Find all functions $f: \mathbb{R} \rightarrow \mathbb{R}$, such that for arbitrary $x,y \in \mathbb{R}$: \[ (y+1)f(x)+f(xf(y)+f(x+y))=y.\]
Problem
Source: Swiss 2015
Tags: function, algebra, functional equation
13.09.2015 20:57
Denote $P(x,y)$ the assertion that $(y+1)f(x)+f(xf(y)+f(x+y))=y$ holds. Denote $f(0)=a$. $P(0,x)$ implies $f(f(x))=(1-a)x-a$. Now, either $a=1$ or either $f$ is bijective. So, two cases: 1. $f$ is bijective. Then $P(x,-1)$ implies $f(xf(-1)+f(x-1))=-1$ and hence by injectivity $xf(-1)+f(x-1)=c$ for some $c \in \mathbb{R}$. But then clearly $f(x)=mx+b$ and plugging this into the original equation we find that the only possible such function is $f(x)=-x$ which is indeed a solution. 2. $a=f(0)=1$. Then $f(f(x))=-1$ for all $x$. In particular, for $x=0$ and $x=f(k)$ for some $k$ this yields $f(1)=f(-1)=-1$. $P(1,1)$ implies $f(f(2)-1)=3$ and hence $f(3)=-1$ $P(1,2)$ implies $-3+f(f(2)-1)=2$ i.e. $f(f(2)-1)=5 \ne 3$. Absurd! Hence the only solution to the equation is $\boxed{f(x)=-x}$.
13.09.2015 21:12
If X=0 we find that( y+1)f(0)+f(f(y))=0 if X be constant we find that f(xf(y)+f(x+y))=y-(y+1)f(x) So we find that f contains all the real numbers if X=0 and f(y1)=f(y2). We find that y1=y2. If X=p Y=0 such that f(p)=0we find that f(pf(0))=0 so we find that f(0)=1 Now X=0. So we find that (y+1)+ f(f(y))=y so we are done
29.09.2023 21:23
Let $P(x,y)$ denote the assertion. $P(x,-1): f(xf(-1)+f(x-1))=-1$ $P(0,y): (y+1)f(0)+f(f(y))=y$. So $f(f(y))=y-(y+1)f(0)=y(1-f(0))-f(0)$ Hence if $f(a)=f(b), f(f(a))=f(f(b))$, so $f(0)=1$ or $a=b$. Hence $f$ is either injective or $f(0)=1$. If $f$ is injective, $xf(-1)+f(x-1)=c$ for a constant $c$ so $f(x-1)=c-xf(-1)$, $f(x)=c-(x+1)f(-1)$. Checking, only $f(x)=-x$ works.
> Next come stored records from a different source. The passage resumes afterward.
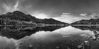 Zonsopgang bij de Spitzingsee in de gouden herfst in Beieren.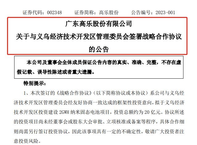 高乐股份拟20亿元投建纳米固态电池项目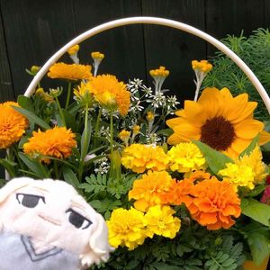 行きつけの花屋さんでかわいい寄植えを発見! オレンジに黄色とビタミンカラーで元気いっぱいな雰囲気です🤩 我が家の妖精くんにピッタリ✨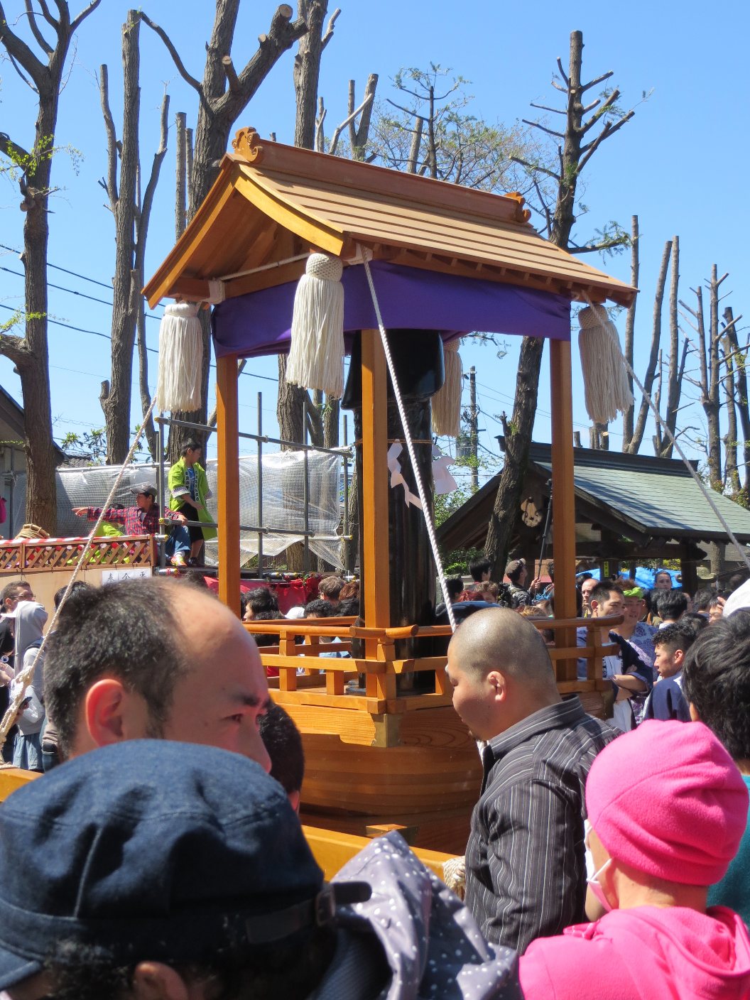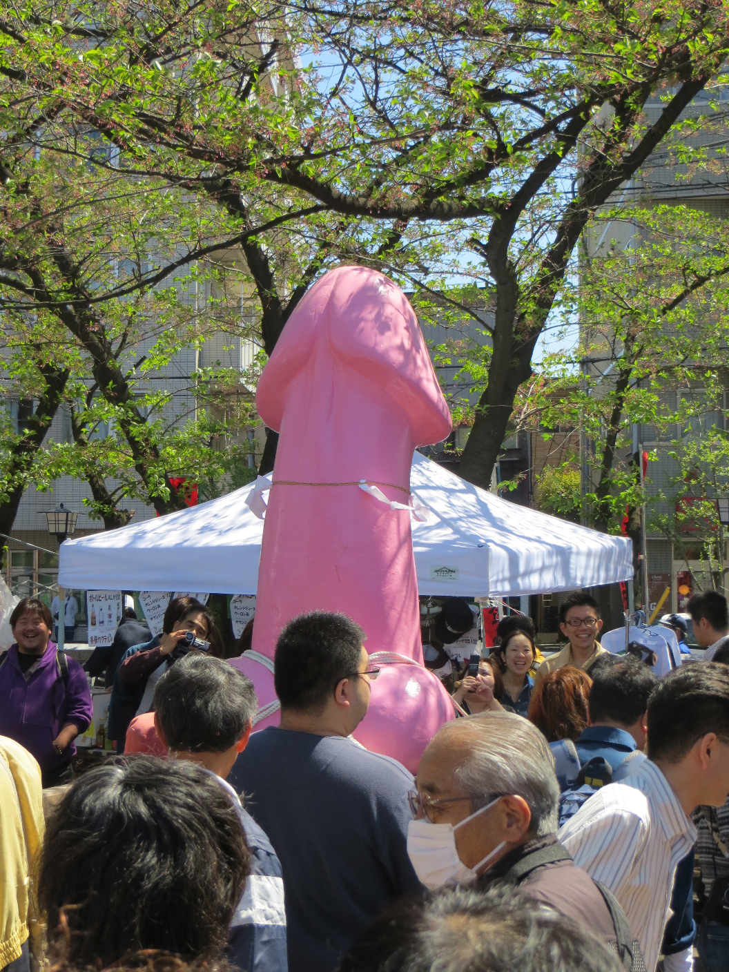 Our last planned activity was to attend the Kanamara Matsuri. In English, that’s the Festival of the Steel Phallus. A wondrous celebration of the male organ, it’s also a major tourist attraction. The number of foreigners matched, if not outweighed the presence of locals at the shrine. The place was packed, wall to wall. It was an ordeal even to move from stall to stall. There were stands selling all kinds of trinkets and foods, all of which fit the theme of the festival. Of particular note were the novelty noses, wood carvings, and the wide variety of penis shaped lollipops. We wandered about, ever so slowly, checking out the giant penis statues on portable shrines. There was also a performer with a monkey. Might have been a macaque, but I couldn’t say for sure. The poor thing did not look like he wanted to perform, but eventually went through his routine. There was also a band of percussionists, accompanied by a flute. At noon, the parade began. Participants marched the portable shrines out of Kanayama and down the street, followed by a huge crowd of other people. I lost Evan and Rachel for a moment so I chose a corner and relaxed. I enjoyed a bit of people-watching, including an officer losing his hat in the wind. Once everything cooled off a bit, they gave me a ring on the phone they lent me, and we met up again.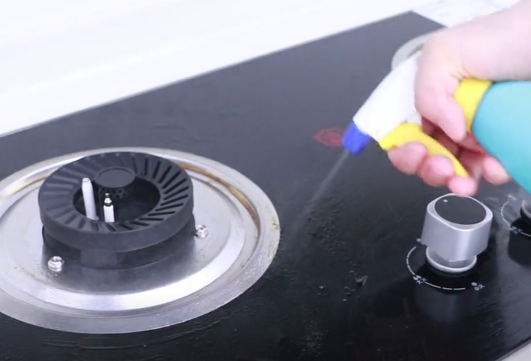 第一个用途可以用来清洁灶台油污,效果非常不错。大家可以看到灶台上有很多的油污垢,看起来非常的脏。不用担心,我们直接将白醋洗衣粉的溶液喷洒上去,让它静置两分钟后。大家可以发现灶台上的油污垢都溶解了,这是因为白醋里面含醋酸,可以软化油垢,洗衣粉的去污能力非常的强。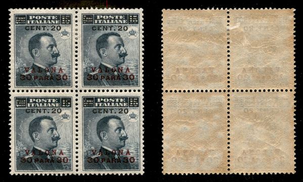 1916 - 30 para su 15 cent (9A - rosso lilla) in quartina - gomma originale (due gomma integra - ben centrata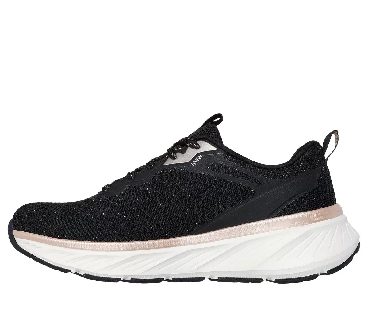 Enjoy well-cushioned performance while minding your footprint wearing Skechers Relaxed Fit®: Edgeride – Soft Radiance. Designed with recycled materials, this vegan athletic style features a lace-up engineered mesh upper with metallic trim, a well-cushioned midsole, and a Skechers Air-Cooled Memory Foam® insole. Our Planet Matters®: Good for your feet. Good for the world.®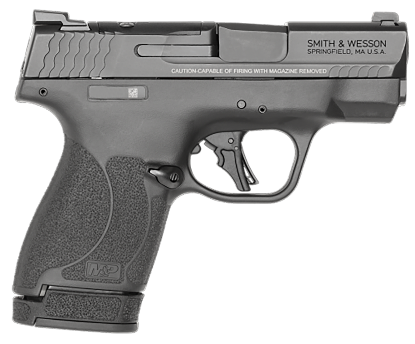 The M&P Shield Plus is extremely thin and lightweight and can be comfortably carried all day. It features the M&P's patented take-down lever and sear deactivation systems all for disassembly without pulling the trigger; flat face trigger for consistent trigger finger placement which allows for more accurate and repeatable shooting; enhanced grip texture allows the user to manage recoil, keep a firm grip and delivers comfort when concealing; optimal 18-degree grip angle for natural point of aim and Armornite durable corrosion resistant finish. Includes two magazines.
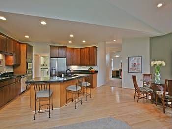 OPEN SUN, 12.11 1-4pm ~ This remodeled one level home in the gated, 55+ community of Hartung Villas, has vaulted ceilings thruout. Open, airy & surrounded by walls of windows this lovely home looks out onto a level, fenced backyard. Lots of room in this 2300sf home w/ a large mstr suite, an office & guest suite. Oversize garage. Perfect downsizer or Portland pied a tier.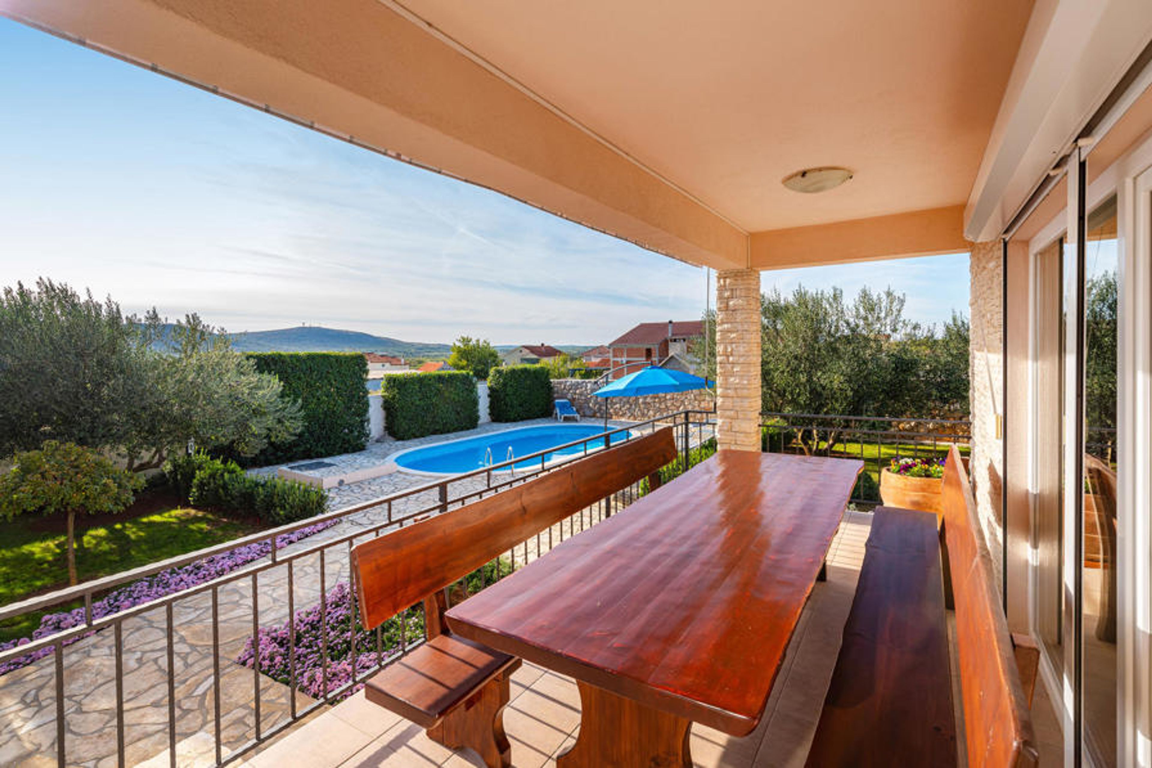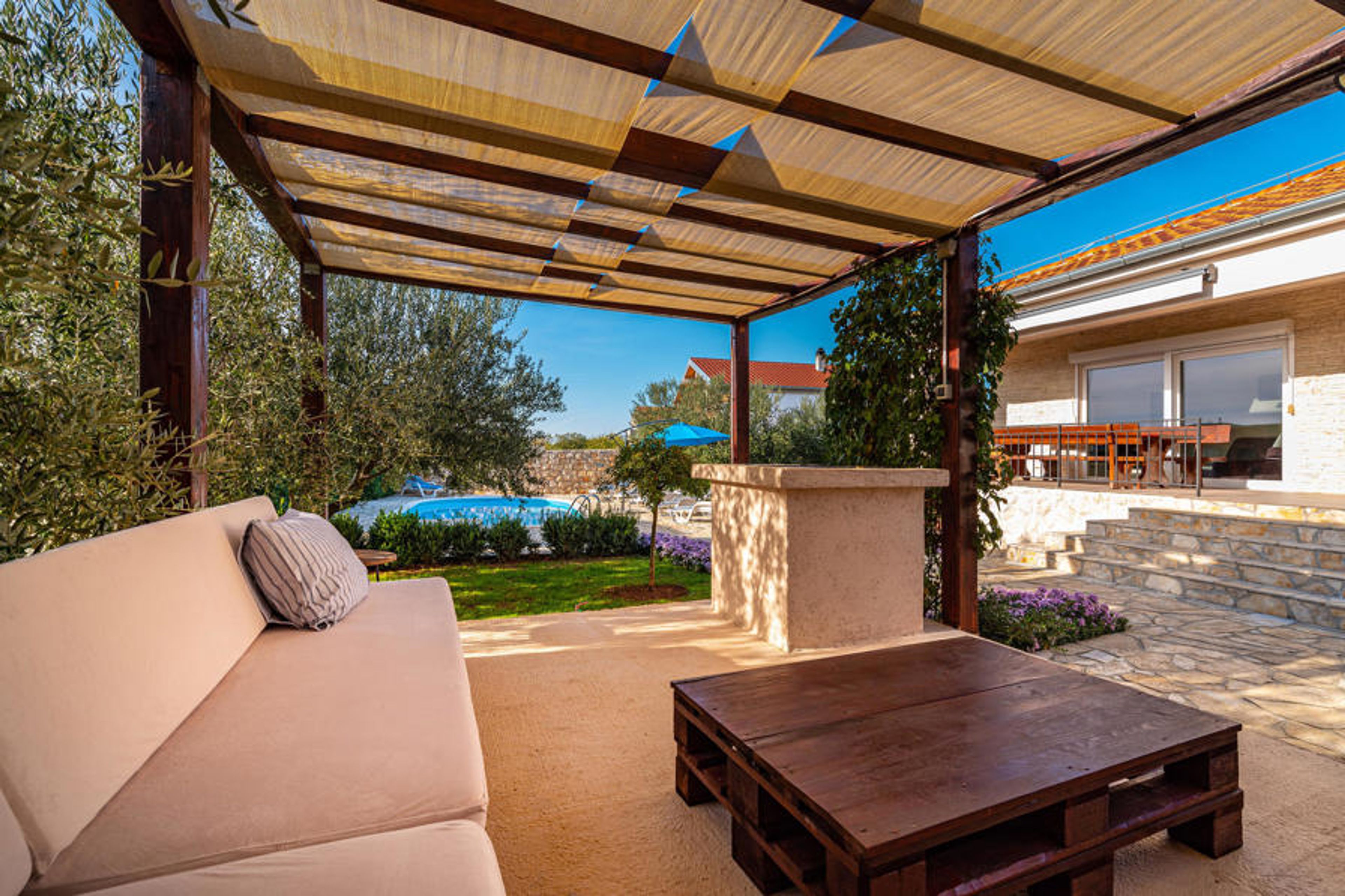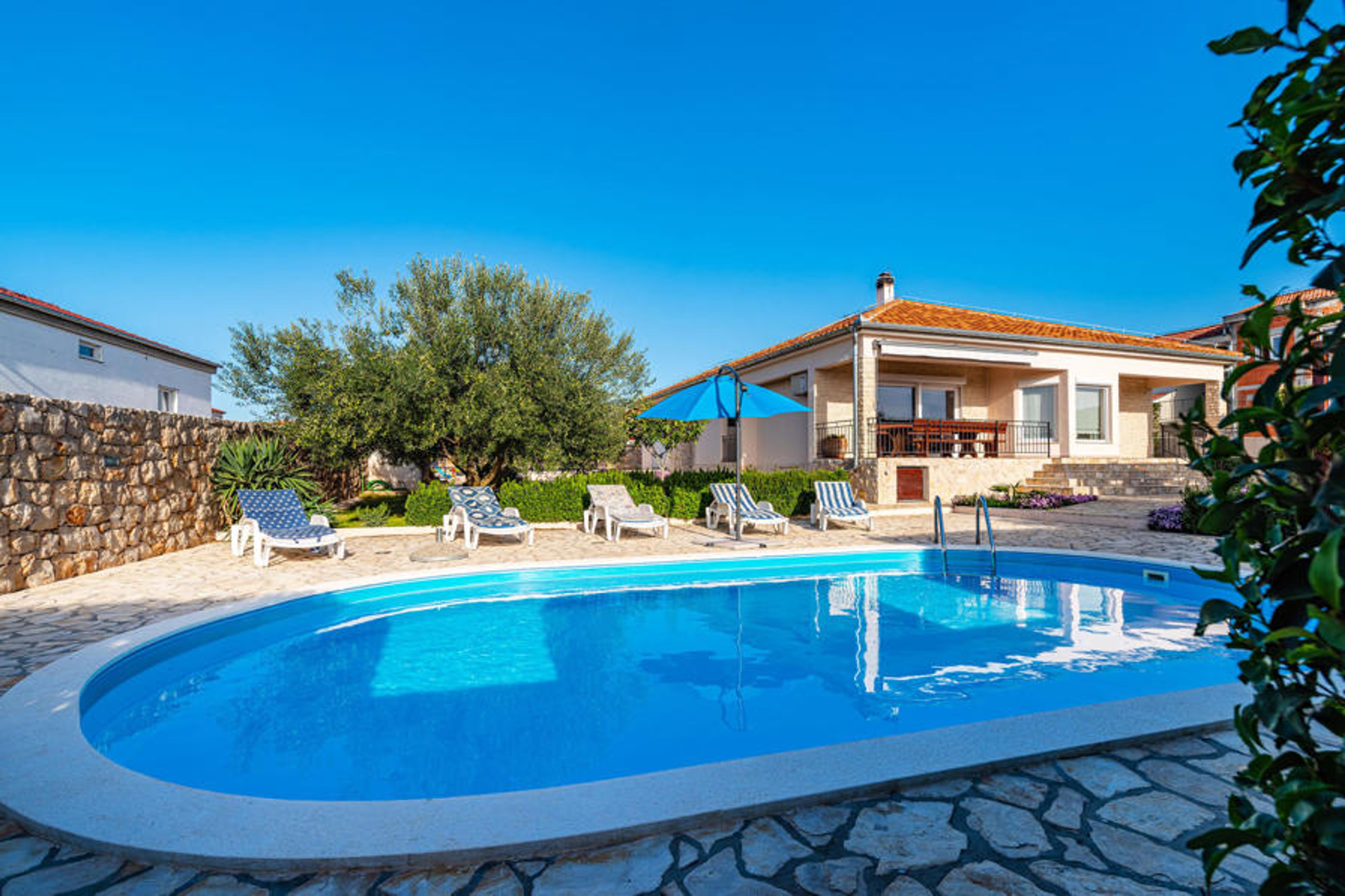 Spend your vacation in this beautiful bungalow and enjoy the Mediterranean flair in the garden. On warm summer evenings you can relax on the covered terrace. The swimming pool with sun loungers is located in front of the house and next to it are playground equipment and a barbecue. The vacation accommodation is tastefully furnished. In the basement you will find an activity room with bathroom. Gorica is located about 7 km from Sveti Petar, where the nearest beach is located. You can also visit Zadar, which is about 24 km away. There is a beautiful old town and with the greeting to the sun and the sea organ, modern architecture also awaits you there.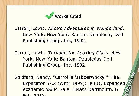 Create a bibliography. Depending on the assignment, you may write a works-cited page instead. Works-cited pages include those sources you specifically drew from. A bibliography can include other works that you are aware of, but did not reference in the body of your paper. In general, bibliographies should be organized by type of source and by alphabetical order.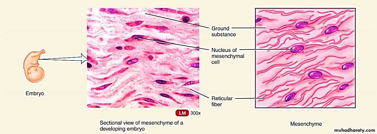 Mesenchymal connective tissue: is the connective tissue of embryo, consists of mesenchymal cells in a gel – like amorphous ground substance containing scattered reticular fibers.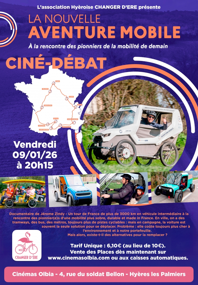 La nouvelle aventure de la mobilité : Le film. Un voyage de 3 000 km à travers la France en véhicule intermédiaire à la rencontre des pionniers d'une mobilité plus durable, écologique et made in France. Dans les villes, nous avons des tramways, des bus, des métros et des pistes cyclables de plus en plus nombreuses. Mais à la campagne, la voiture est souvent le seul moyen de se déplacer. Le problème ? Elle devient de plus en plus coûteuse, tant pour l'environnement que pour nos portefeuilles. Alors, existe-t-il des alternatives pour la remplacer ? Pour trouver des solutions, Jérôme Zindy, réalisateur et reporter cycliste, parcourt la France à bord d'un véhicule léger et innovant, à la rencontre des pionniers qui inventent et testent des véhicules respectueux des limites planétaires, tout en créant des emplois en France et en Europe. Entre le vélo et la voiture électrique, on appelle cela... des véhicules intermédiaires.
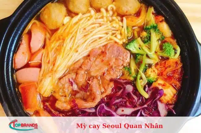 Một món ăn khác cũng khá nổi tiếng khi trời bắt đầu chuyển sang mùa lạnh, đó chính là mì cay. Nếu muốn thưởng thức món mì cay nóng để làm ấm cơ thể thì hãy đến với Mỳ cay Seoul Quan Nhân. Menu của quán rất đa dạng, có thể kể đến như: mì cay 7 cấp độ, Lẩu thái tôm yum, lẩu kim chi thập cẩm,.. Có các món cay nóng thì không thể nào thiếu những loại đồ uống: Trà sữa, trà đào, Soda, pessi, coca…

Otherwise, $f(0)=1$. Notice that this implies $f(f(y))=-1$ $P(-1,1): 2f(-1)+f(-f(1)+f(0))=1$ Hence -2+f(2)=1, $f(2)=3$. Since $f(f(2))=-1,f(3)=-1$. Now $P(1,2): 3f(1)+f(f(2)+f(3))=2$, or $-3+f(2)=2$, or $0=2$ which is clearly false.
29.09.2023 23:55
We claim the only answer is $f(x) = -x$ Let $P(x, y)$ denote the assertion. Now we claim that $f$ is injective. For the sake of contradiction assume otherwise. Then $f(a) = f(b)$ with $a \neq b$ exist. From $P(0, a)$ and $P(0, b)$ we have, \begin{align*} (a+1) \cdot f(0) + f(f(a)) = a\\ (b+1) \cdot f(0) + f(f(b)) = b. \end{align*}From this we conclude $f(0) = 1$. However then $P(0, y)$ gives that $f(f(y)) = -1$. Then from $P(x, 0)$ we find that, \begin{align*} -f(x) = f(x+f(x)). \end{align*}Finally using $P(a, 0)$ and $P(b, 0)$ we are able to derive that $a = b = 0$, contradiction. Thus $f$ is injective. Now from $P(x, 0)$ we have, \begin{align*} x = x \cdot f(0) - f(x) \end{align*}which implies $f(x) = x(f(0) - 1) = cx$. Plugging back into the original equation we must have $c = -1$ so we are done.